Melanoma Cancer: What It Is and What You Need to Know

Skin cancers are extremely common, and chances are good that someone you know has been treated for some type of minor skin cancer or precancer. It’s easy to feel a little desensitized to the idea of developing some form of skin cancer yourself, but you should always pay attention to changes in your skin.

Young woman in the sun

Melanoma cancer is dangerous and potentially fatal. Though it accounts for less than 1 percent of cancer cases, the Skin Cancer Foundation reported that one person dies from melanoma every hour.

The main reason this skin cancer is so dangerous is because it can spread quickly to other organs, which is why catching it early is so important. When diagnosed in time, most instances can be treated and cured.

Causes and signs of melanoma

Like with other types of skin cancer, UV exposure from the sun and tanning beds is the most common cause of melanoma cancer. People who have two or more blood relatives that have had the disease are also at greater risk of developing it.

Melanoma occurs when your skin cell DNA gets damaged by UV radiation. This causes the cells to grow out of control, forming a tumor. Melanoma tumors look like moles and can sometimes develop from a mole.

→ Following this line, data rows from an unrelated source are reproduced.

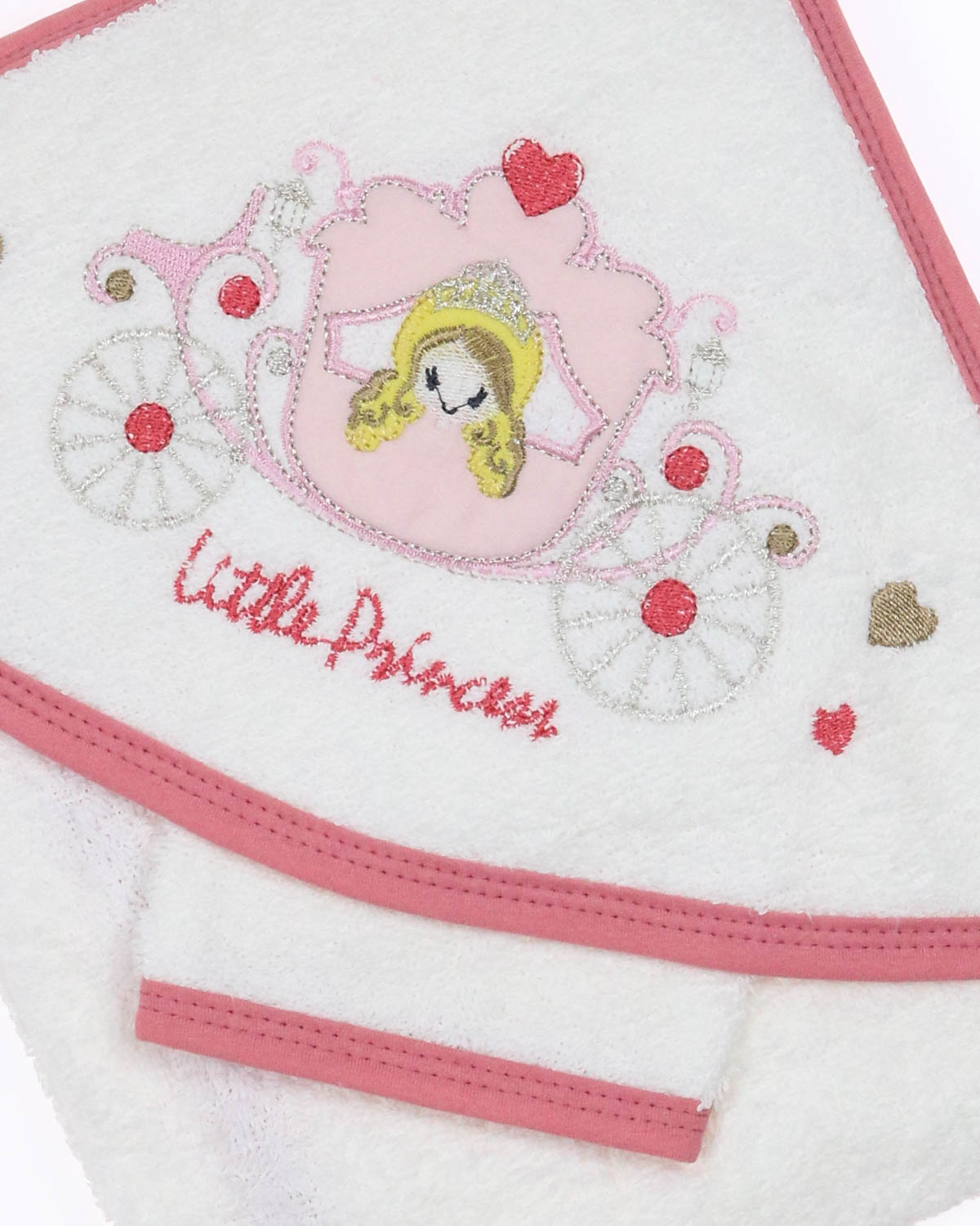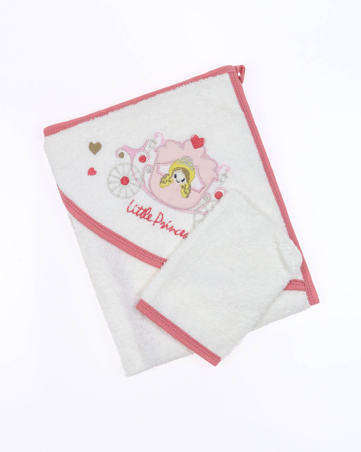 Полотенце с капюшоном и рукавица,  позволяет вытирать ребенка после купания так, чтобы его головка всегда оставалась в тепле. Благодаря петельке -   детское полотенце с капюшоном легко повесить сушиться, а варежкой можно вытереть ребёнка после кормления, а также утром после крепкого сна.  Детское полотенце из махровой ткани приятное на ощупь, отлично впитывает влагу и быстро сохнет. Капюшон декорирован милейшей аппликацией и вышивкой. Края детского полотенца обработаны хлопковой трикотажной окантовкой.
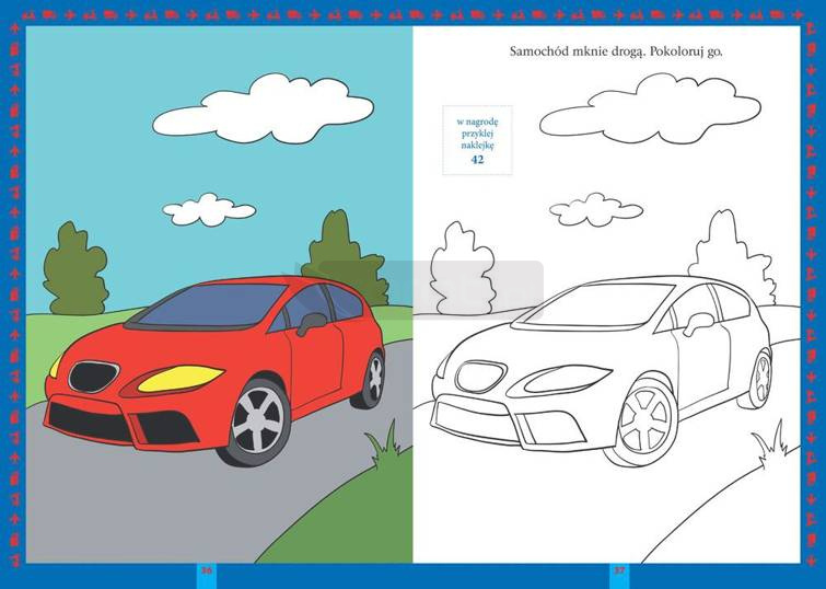 Ogromną atrakcją są dołączone do książki naklejki! Przedstawiają one najnowocześniejsze, najszybsze samochody świata. Każda naklejka ma numer, odpowiadający numerowi wpisanemu na stronach książeczki w miejscu przeznaczonym na naklejkę. Odnajdywanie właściwego samochodu to fantastyczna zabawa!
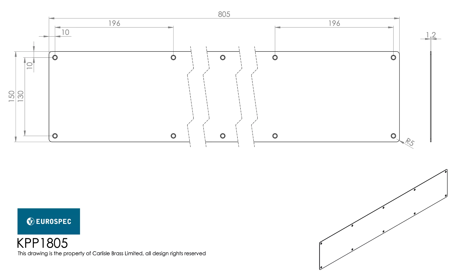 805 x 150mm Eurospec Satin Stainless Kicking Plates | KPP1805SSS
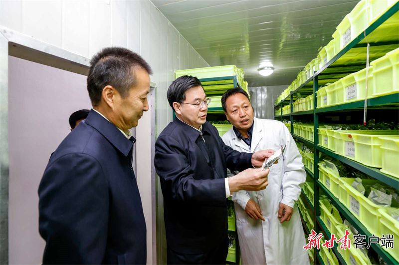 胡昌升強(qiáng)調(diào),省農(nóng)科院要牢牢把握農(nóng)業(yè)現(xiàn)代化方向,始終堅持“科技為民”,圍繞農(nóng)業(yè)生產(chǎn)全鏈條、全要素加強(qiáng)科技攻關(guān)和創(chuàng)新,在良種繁育、土壤改良、病蟲害防治、防災(zāi)減災(zāi)、農(nóng)產(chǎn)品精深加工等方面下更大功夫,推動成果轉(zhuǎn)化和產(chǎn)業(yè)化應(yīng)用,為農(nóng)業(yè)強(qiáng)省建設(shè)提供科技支撐。要加強(qiáng)科技人才培養(yǎng),做好農(nóng)業(yè)技術(shù)推廣,把論文寫在隴原大地上、把成果體現(xiàn)在推動鄉(xiāng)村振興上,在促進(jìn)農(nóng)業(yè)增效、農(nóng)民增收、農(nóng)村發(fā)展中建功立業(yè)。
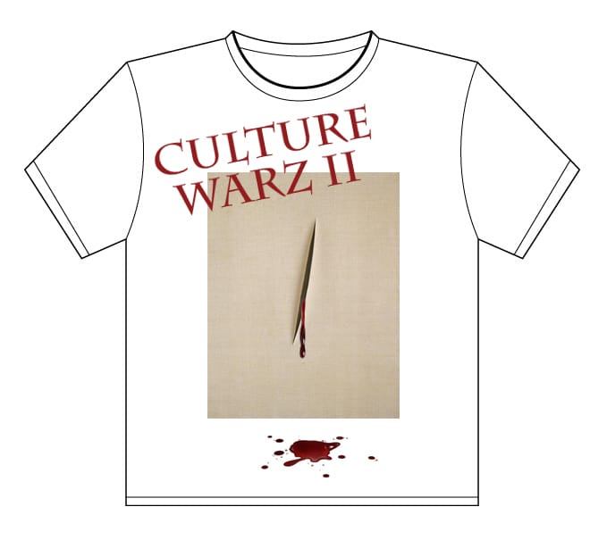 If you haven’t been living under a rock or in a place without wi-fi for the past two weeks, you know that the proverbial shit has hit the proverbial fan in the art world. From cases of censorship to the forced alteration of several exhibitions, it’s definitely been a good month for news, if not for art and artists. To commemorate the art world apocalypse, Hyperallergic has designed some t-shirts just to keep everyone up to date on our favorite museums’ antics. Things can only plummet into oblivion look up from here, folks.
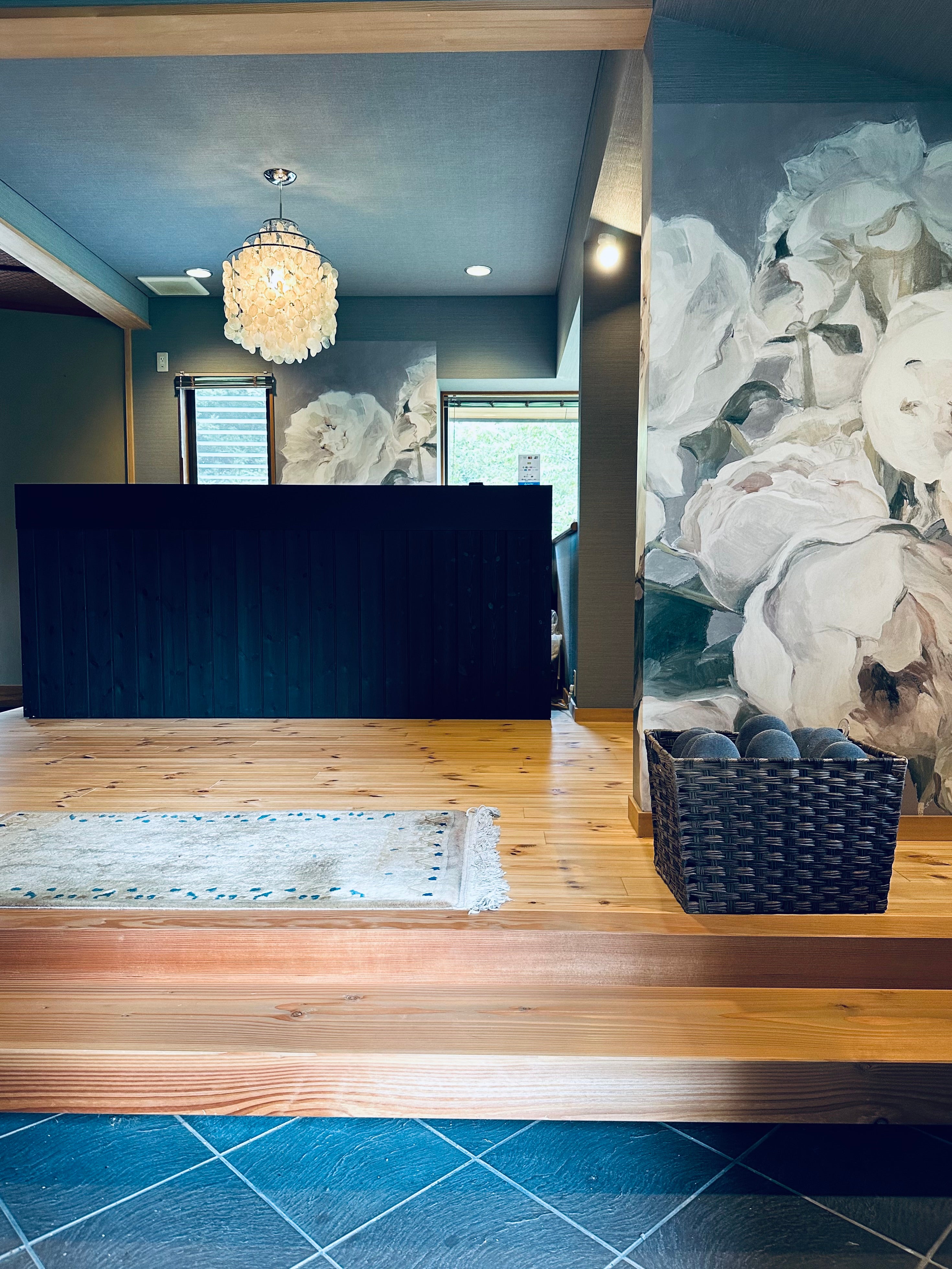 門扉を入り、石段を登って右手側が受付になっております。各種クレジットカード、電子決済などお使い頂けますのでお申し出下さい。
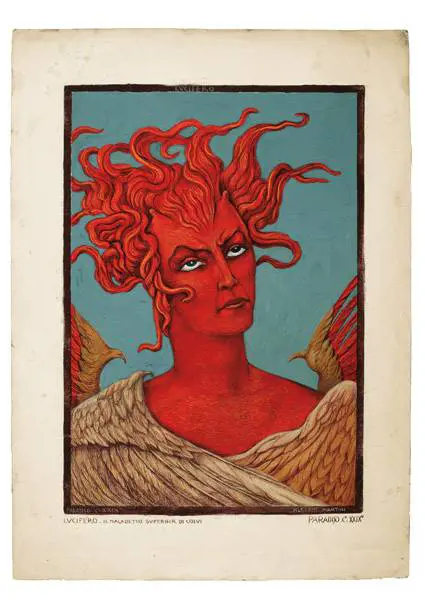 Il realismo di Martini Per le tavole a colori Martini torna a un impaginato realistico accattivante, impiegando tecniche raffinatissime quali "[…] pennelli sottilissimi e tratteggi divisionisti intrisi di colorescenze di grigi perlacei, di rossi carminio, di azzurri e di verdi, alla stregua di un dettato figurale miniato nell’allegorizzare il passo dantesco". Tra tutti va menzionato il meraviglioso busto di Lucifero, la cui forza espressiva rafforzata da una tecnica superlativa ci consegnano un’immagine di grande potenza e intensità. Emblematico, infine, l’ex libris-frontespizio che riassume l’avventura dantesca di Martini proponendo l’autoritratto dell’artista di profilo, seduto al tavolo di lavoro, con alle spalle i tre momenti principali del suo impegno.
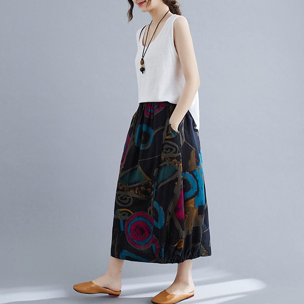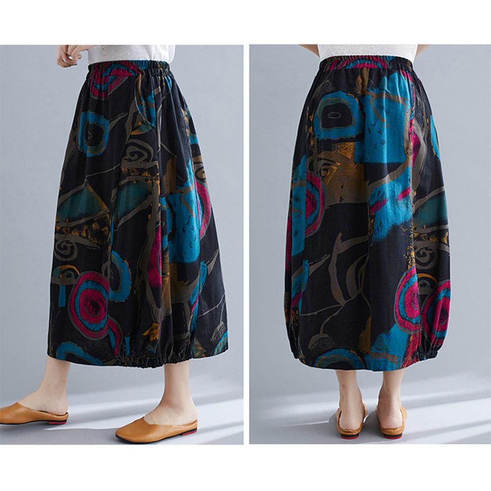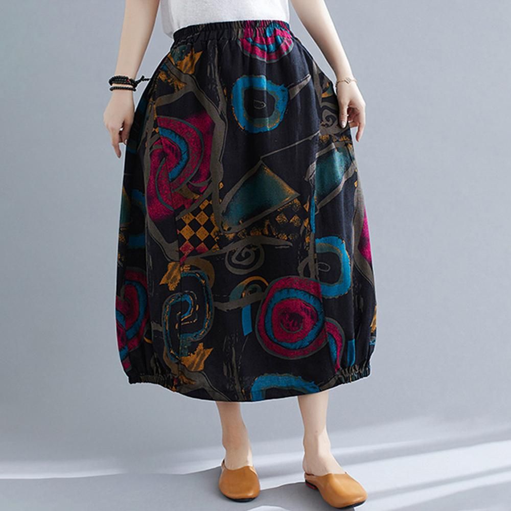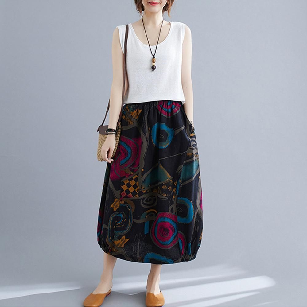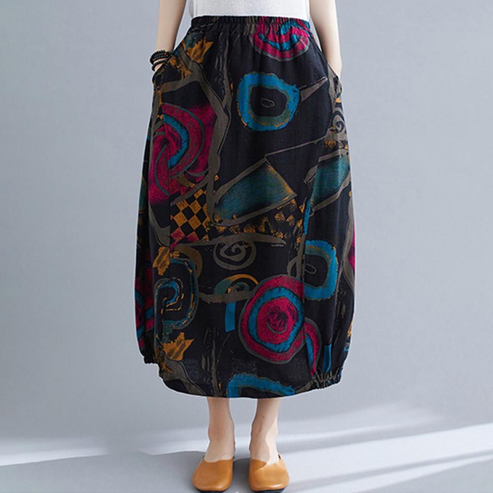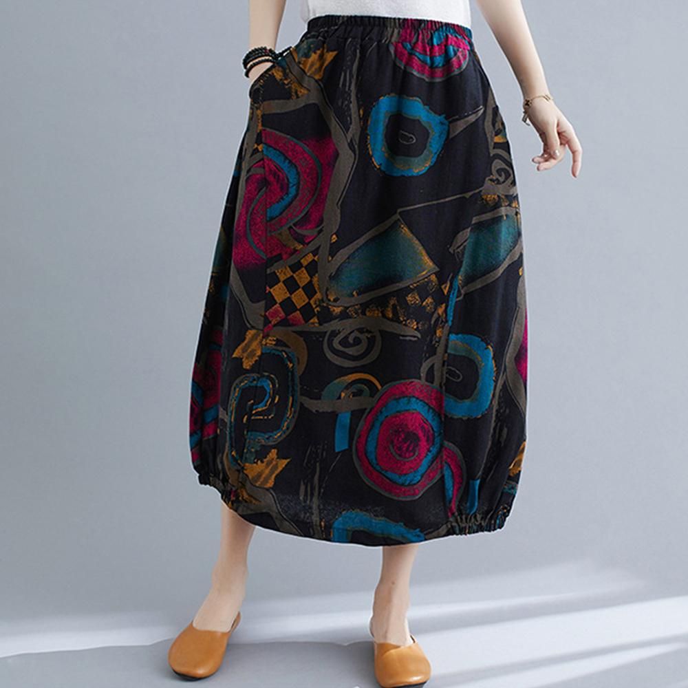 Buy Women Boho Vintage Print Bud Skirt with Elastic Waist Side Pockets Casual Holiday Floral Skirt Multicolor in Nigeria
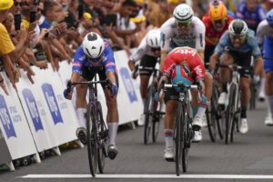 „Es war eine sehr leichte Etappe, jeder wollte sich für die Pyrenäen schonen. Es gab einige Stürze, ich hoffe, alle sind in Ordnung. Es war sehr hektisch. Am Ende hatte ich Krämpfe. Ich habe das Rad meiner Teamkollegen verloren, aber auf der Zielgeraden habe ich Mathieu van der Poel wiedergefunden und er hat meinen Sprint auf außergewöhnliche Weise eingeleitet“, sagte Philipsen. Der 25-Jährige – Spitzname Jasper Desaster – ist in den schnellen Finals eine Klasse für sich und hatte bereits am Montag gesiegt.
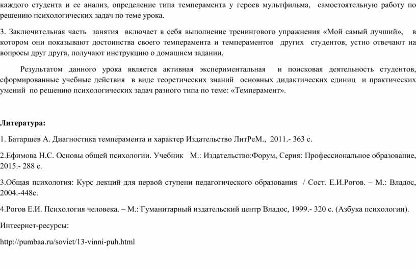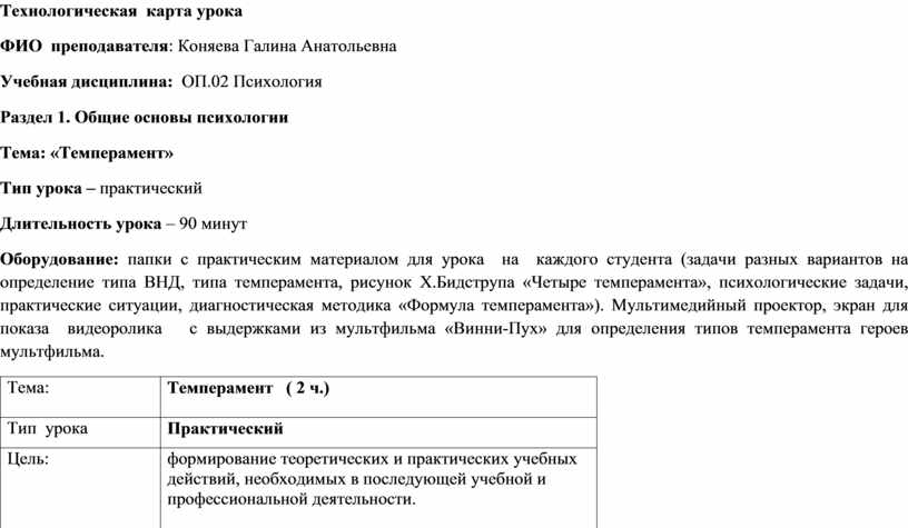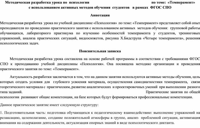 Методическая разработка урока по учебной дисциплине «Психология» по теме: «Темперамент» представляет собой опыт преподавателя по проведению практического занятия с использованием активных методов обучения: групповой работы обучающихся, лабораторного практикума по изучению особенностей темперамента у студентов, тренинговых упражнений, анализа практических ситуаций, видеосюжетов, рисунка Х.Бидструпа «Четыре темперамента», решения психологических задач.
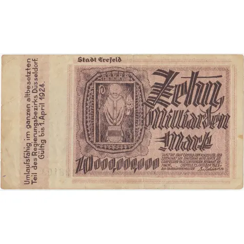 Stadt Crefeld Zehn Milliarden Mark ZAHLT DIE STADT CREFELD DEM VORZEIGER. DER ZEITPUNKT DER EINLÖSUNG WIRD DURCH DIE CREFELDER TAGESZEITUNGEN BEKANNT GE- MACHT. CREFELD, 15 OKTOBER 1923. DER OBERBÜRGERMEISTER Dr. Johansen 10000.000.000 Umlaufsfähig im ganzen altbezetzten Teil des Regierungsbezirks Düsseldorf. Gültig bis 1. April 1924. |
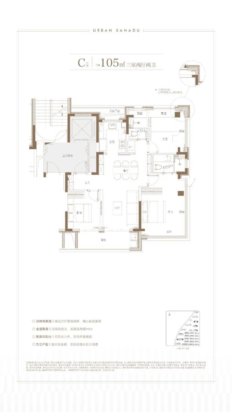整体约10㎡附赠面积,综合得房率约85%。另外,项目还有建面约105㎡3房2卫明星户型,设计更为亮眼。
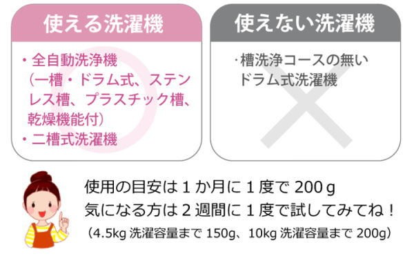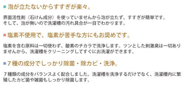 界面活性剤と塩素成分を一切使用していない、人にも環境にもやさしい洗浄剤!7種の配合成分でしっかり洗浄、同時に消臭。洗浄後に嫌な臭いを残しません。月に1〜2度の洗浄でカビの発生を抑え、清潔に保てます。【成分】過炭酸Na、珪酸Na、炭酸Na、クエン酸Na、ホウ素、ホタテ焼成カルシウム、たんぱく分解酵素【液性】弱アルカリ性【内容量】200g【使用量(1回分)】4.5kg洗濯容量まで150g、10kg洗濯容量まで200g
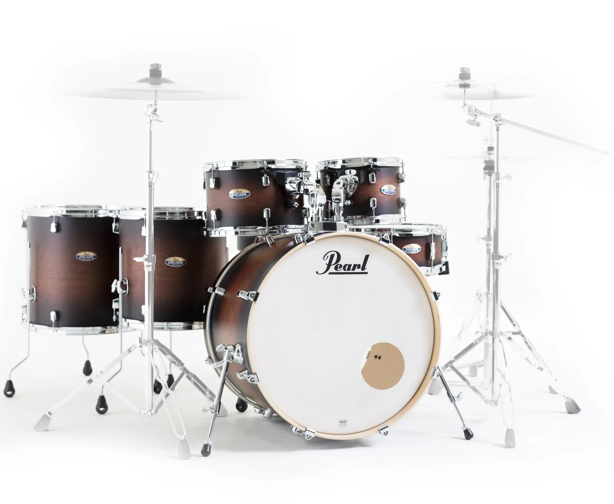 Ударна установка серії Decade Maple (2218B, 1008T, 1209T, 1616FT) з 6-ти шарове корпусами з клена (товщина корпусу - 5,4 мм). У комплекті набір стійок (педаль Demonator, похила стійка під тарілку, пряма стійка під тарілку, стійка хай-хет, стійка під малий барабан), дерев'яний малий барабан 14х5,5 ", система підвісу томів Opti-Lock, сталеві штамповані обода 1,6 мм, хромована фурнітура. Колір покриття - Satin Brown Burst. |
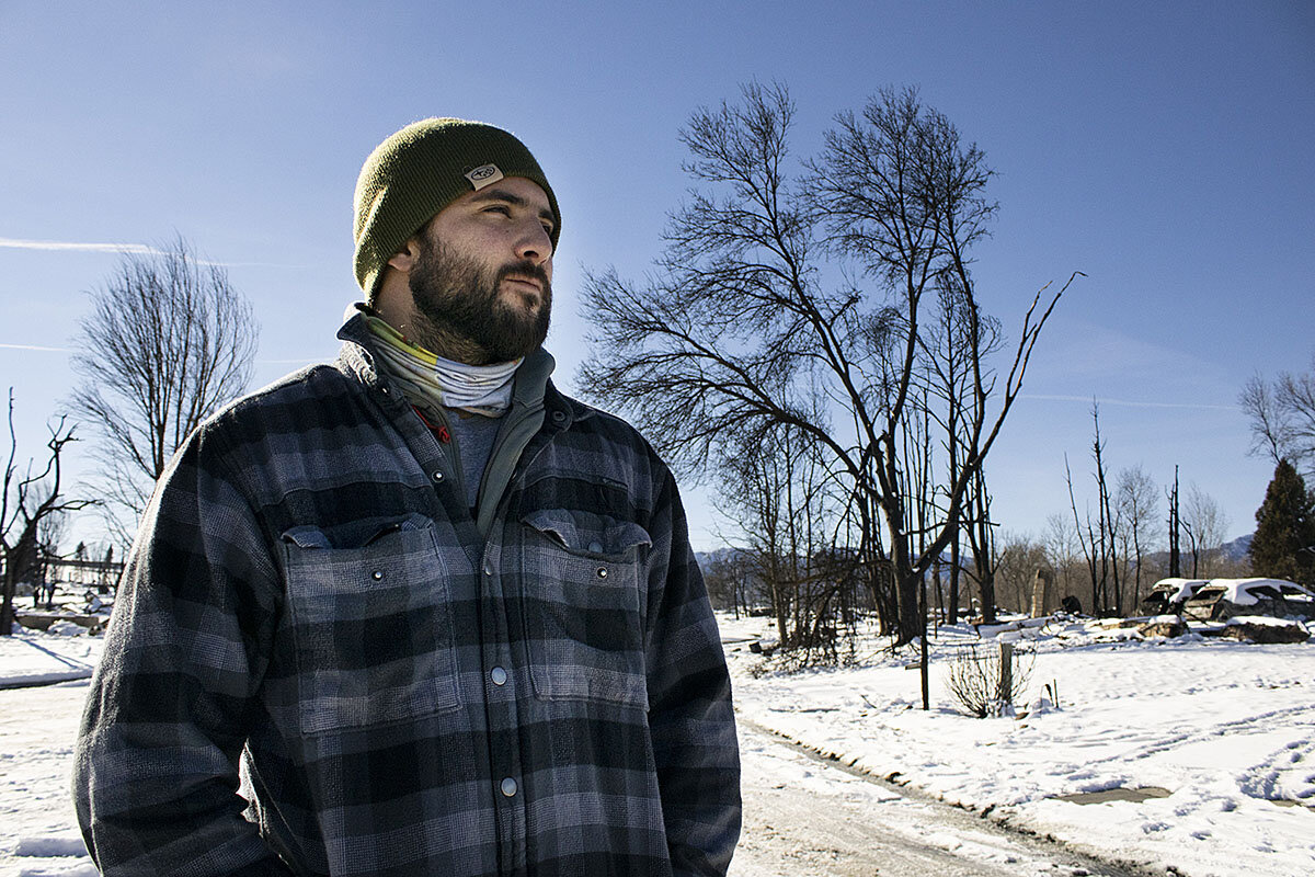Seth Lopez stands in the snow near the entrance 鈥 his first time back. The landscape designer had hoped to walk down to his aunt and uncle鈥檚 home, which he鈥檇 been moving into before it burned. The remainder of his belongings are in his car: two loads of laundry, Christmas gifts, power tools.

The best way to prevent melanoma is to protect your skin from the sun. You should also perform a monthly skin self-exam, checking your body from head to toe for unusual growths or changes in your skin. Skin cancer can develop anywhere on your body. When looking for melanoma, follow the ABCDE rule:

  • Asymmetry: one side is different from the other
  • Border: the mole has uneven edges
  • Color: the mole has varying shades of color
  • Diameter: the growth is larger than the size of a pencil eraser
  • Evolving: the look of the growth is changing over time

Treatment for melanoma

The best outcomes can be expected when the cancer is detected before it has penetrated deeper layers of the skin. If you suspect a mole may be cancerous, make an appointment with a dermatologist. The doctor will examine the spot and take a biopsy or suggest treatment. A biopsy entails removing a small amount of tissue and examining it in a lab to look for cancer cells. Your physician may also perform other diagnostic tests to determine whether the cancer has spread.

Treatment depends on the size of the tumor and whether or not the cancer has spread. Options include:

  • Surgery. According to the National Cancer Institute, this typically involves removing the tumor and some tissue around it. This is the primary treatment at any stage.
  • Chemotherapy. A treatment that uses drugs to kill cancer cells and stop them from spreading.
  • Radiation therapy. This option uses radiation to kill cancer cells and stop them from spreading.
  • Immunotherapy. This treatment stimulates your own immune system to fight the cancer.

Some combination of these therapies may be used, based on the stage and the situation. Melanoma is a serious disease, but there are many smart ways to keep yourself safe. Protect your skin from the sun, avoid tanning beds and conduct regular self-exams to check for anything unusual. If you do notice any suspicious spots during a skin exam, don’t hesitate to make an appointment with a dermatologist.